11.03.2003

Un-smarty growth; just blows me away

"D.C. Sprawl Crosses Into A New State: Pennsylvania." Another example of smart growth not really working:

There is still plenty of open and developable land in Frederick County, which begins about five miles south of Liberty. But just as Montgomery County did in the 1960s and 1970s, the Frederick government in recent years has clamped down on construction, sending developers elsewhere to fill the region's voracious appetite for housing.

The same is happening in Virginia, where booming Loudoun and Prince William counties are tightening development restrictions.

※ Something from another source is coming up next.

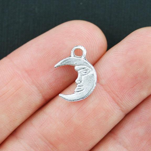 Crescent moon antique silver tone charms, in a zinc alloy metal.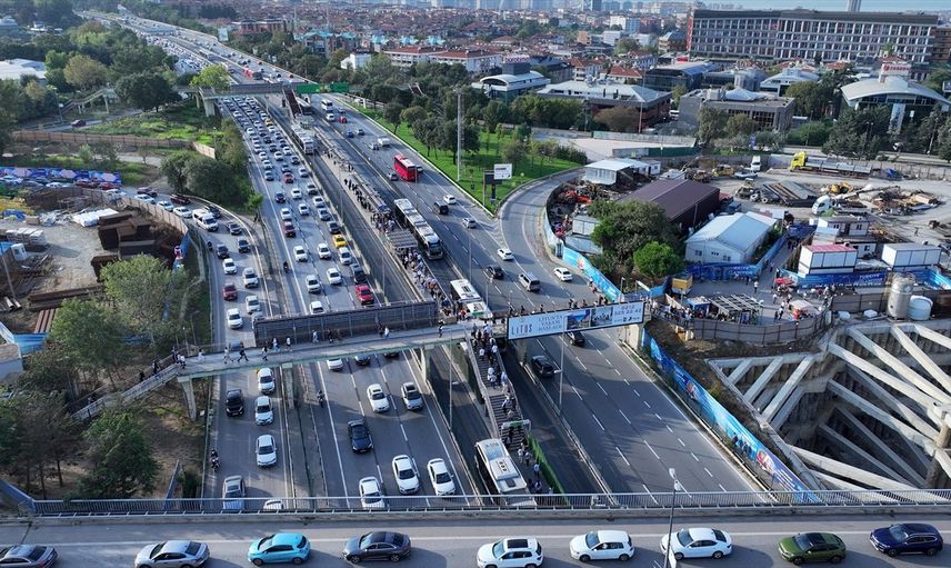 Toplu taşıma tercih eden bireyler, Mecidiyeköy Metrobüs Durağı'nda yoğun kalabalıklara neden oluyor. Aynı zamanda, D-100 kara yolunun Çağlayan mevkisinde de köprü yönünde yavaş ilerleyen araçlar dikkat çekiyor.

Developers in search of more lenient zoning and greater profit margins are leapfrogging farther out where laws are more permissive and local governments less experienced.

For local governments in the throes of rapid growth, "[housing] density is a four-letter word," said Stephen S. Fuller, a public policy professor at George Mason University. "The consequence is they're pushing the problem to their neighbor, and developers are having to go further and further away because they can't meet the demand for housing closer in."
And there's the problem with so-called smart growth: if you just limit the growth in housing, but not the growth in population, the demand will outstrip supply, and you're going to have sprawl and property value problems.

Meanwhile, the counties that have limited development in the past still have to deal with traffic from the people they've displaced:

A Washington Post reporter leaving Rockville at 4:55 p.m. on a recent weekday arrived in Liberty [80 miles away] almost exactly two hours later, at 6:54 p.m.

Traffic on I-270 came to a complete stop nine times during the ride. The first full stop in traffic came a mere 14 minutes into the commute, where the highway narrows from 12 lanes to eight.

As the sun began to set, and I-270 narrowed to four lanes near the Montgomery-Frederick County line, the rearview mirror was filled with a solid column of white headlights. Ahead lay a continuous strand of red brake lights.


Et voila... Washington. Since concentrated development near D.C. doesn't seem to be an option, the only way to fix sprawl is to reduce the number of jobs. That doesn't seem likely either.